They'll be ground down only if the Northern public continues to support the war. If adopting the strategic defensive in Virginia produces more Confederate victories and heavier Union casualties, the Northern public might throw in the towel and elect a peace administration in 1864.
 
They'll be ground down only if the Northern public continues to support the war. If adopting the strategic defensive in Virginia produces more Confederate victories and heavier Union casualties, the Northern public might throw in the towel and elect a peace administration in 1864.

true... but only if the Rebs do win more than they did in OTL. At the same time, a war that is fought entirely in the south is going to be good for northern morale. You have to wonder about how a Union army that is always on the attack is going to fare... will Grant come to the forefront that much faster? And with no Gettysburg, you might have Reynolds survive longer; by most accounts, he was a pretty good general...
 

Anaxagoras

Banned
true... but only if the Rebs do win more than they did in OTL. At the same time, a war that is fought entirely in the south is going to be good for northern morale. You have to wonder about how a Union army that is always on the attack is going to fare... will Grant come to the forefront that much faster? And with no Gettysburg, you might have Reynolds survive longer; by most accounts, he was a pretty good general...

But adopting the strategic defense does not really mean allowing the Union army to attack all the time. After all, the Seven Days, Second Bull Run, Chancellorsville and the Wilderness were all battles which were strategically defensive but tactically and/or operationally offensive.
 
But adopting the strategic defense does not really mean allowing the Union army to attack all the time. After all, the Seven Days, Second Bull Run, Chancellorsville and the Wilderness were all battles which were strategically defensive but tactically and/or operationally offensive.

And all took a heavy toll on the confederates.
 
And with no Gettysburg, you might have Reynolds survive longer; by most accounts, he was a pretty good general...

Reynolds was the best Union commander to come up in the East. Lincoln dropped the ball when he declined to give him the command.

With Grant and Sherman in the West and Reynolds in the East...
 
Hello Elf,

Mars's crimson soaked jock strap, I have a hard enough time figuring out how to get 90,000 Confederates under Lee, and that with Lee OTL being 75,000 at Gettysburg.

15,000 men is a lot of men to pry loose from anywhere with the situation as it is. North Carolina and Richmond supplying ten thousand would mean twisting Harvey Hill's arm practically out of its socket - it's not flat out impossible, but it would take total commitment on Davis's part. And five thousand from elsewhere - where is there an "elsewhere" which can do that? Beauregard's forces are scattered thinly, Sam Jones and Buckner's departments are undermanned as it is . . .
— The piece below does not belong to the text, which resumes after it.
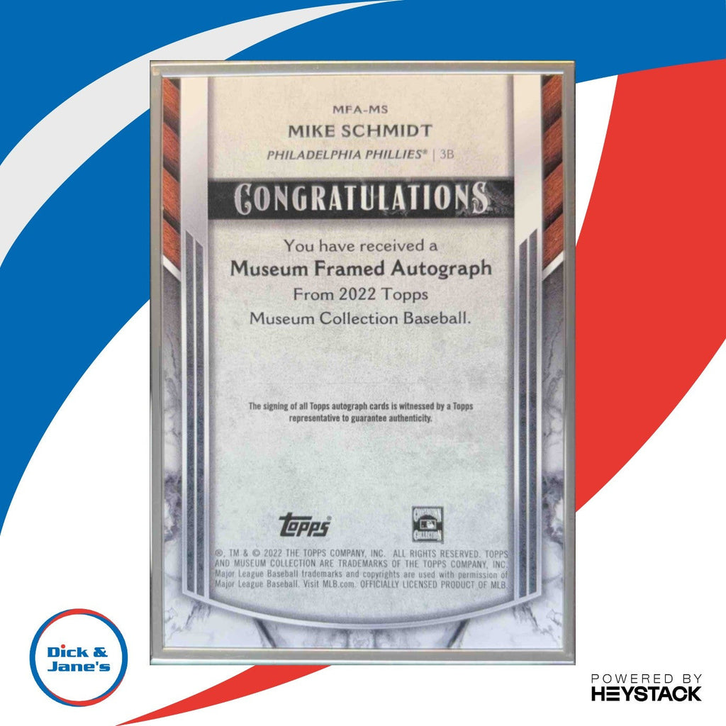 Own a piece of baseball history with this 2022 Topps Museum Collection Mike Schmidt Framed Auto Silver 15/15 Phillies card. Featuring a rare autograph from the MLB legend, this limited edition card is a must-have for any collector. Don't miss out on the chance to add this iconic card to your collection today! Listed With Mascot.
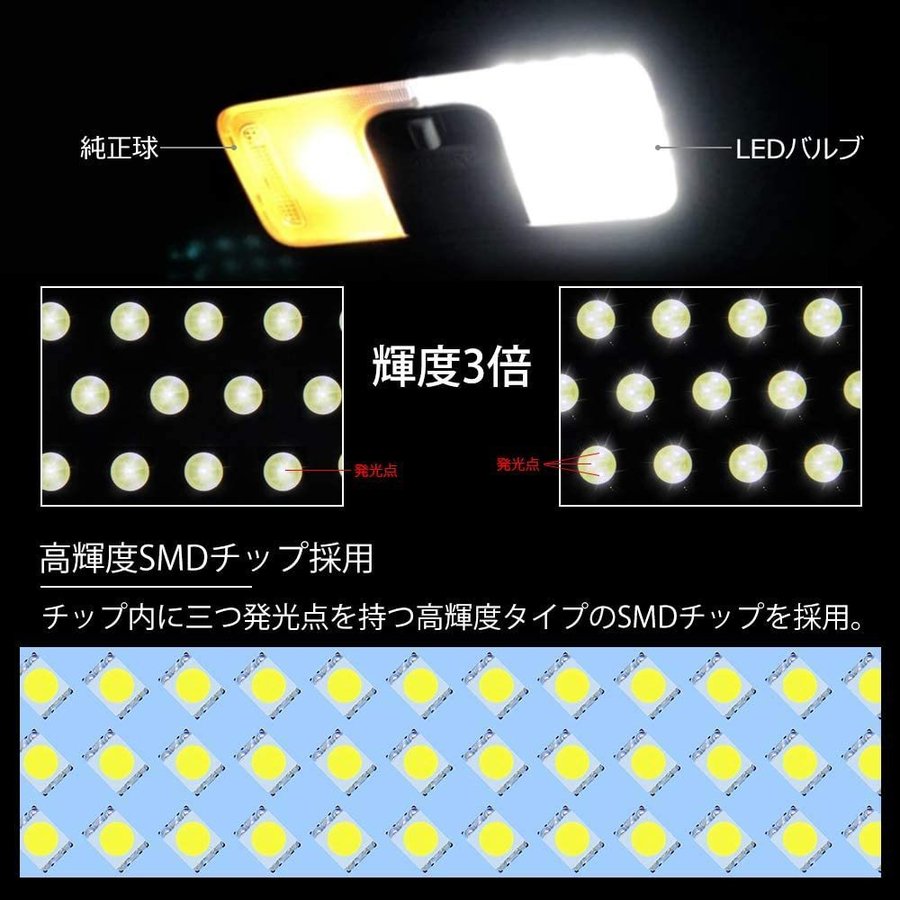 ★高輝度LEDチップ採用:本製品は車の室内の明るさを求めるために、一つLEDの中に発光点が三つ搭載されている3チップSMDを採用し、驚くほど室内を明るく照らします。

So . . . long story short, it's a mess. And Lee going on the defense doesn't really change that at all except forfeiting the opportunity to force Union strategists to respond to Confederate operations instead of vice-versa.


Oh, I think you probably could find them - they won't all be high quality, or well officered - if you strip out Beauregard and perhaps Buckner, Pickett's other two divisions...you'd be taking a risk, and Jeff Davis wasn't big on risk. I don't think that's the issue so much as how do you supply them all in one place?

The CSA could better supply a big army in Virginia, but less so in Tennessee (let alone Mississippi) - another strike against John Reagan's strategy. With Longstreet on hand, the AOT could strike a blow all right, but they'd have a short reach. Even if they whip Rosecrans out of his boots, trying to supply a repeat of Kirby-Smith's and Bragg's invasion of Kentucky with twice as large an army would be a real challenge.

It seems to me that the better (Virginia) idea would have been what Lee wanted - to assemble a big enough subsidiary army in Virginia to threaten Washington (or create the perception of the same, since we're talking about 15,000-20,000 troops, tops), and force Hooker (and whoever replaces him) to stay somewhat honest while Lee moves up into Pennsylvania. Otherwise, Lee is going to have a fun time supplying 90K men off the land, much of them forces scratched up from elsewhere suddenly and unaccustomed to working together, with little organic supply of their own...

Still seems the best bet to me. Otherwise, next best is to send Lee himself and a corps of his choosing off to Chattanooga, and try to wreak as much damage in Tennessee as possible before Vicksburg falls and the AOP recuperates, leaving Longstreet in command on the Rappahanock. Not much of a choice, I'm afraid. But as you say, maybe that could allow a stalemate to form, East and West, until the election, if they get a few lucky breaks.
 

Anaxagoras

Banned
So did almost every battle in the Eastern theater. You want to avoid heavy casualties, the only way to do so is avoiding major battles - and that won't work at all.

Unless Lincoln decides to keep Burnside in command after Fredericksburg. Which, of course, would never happen in a million years.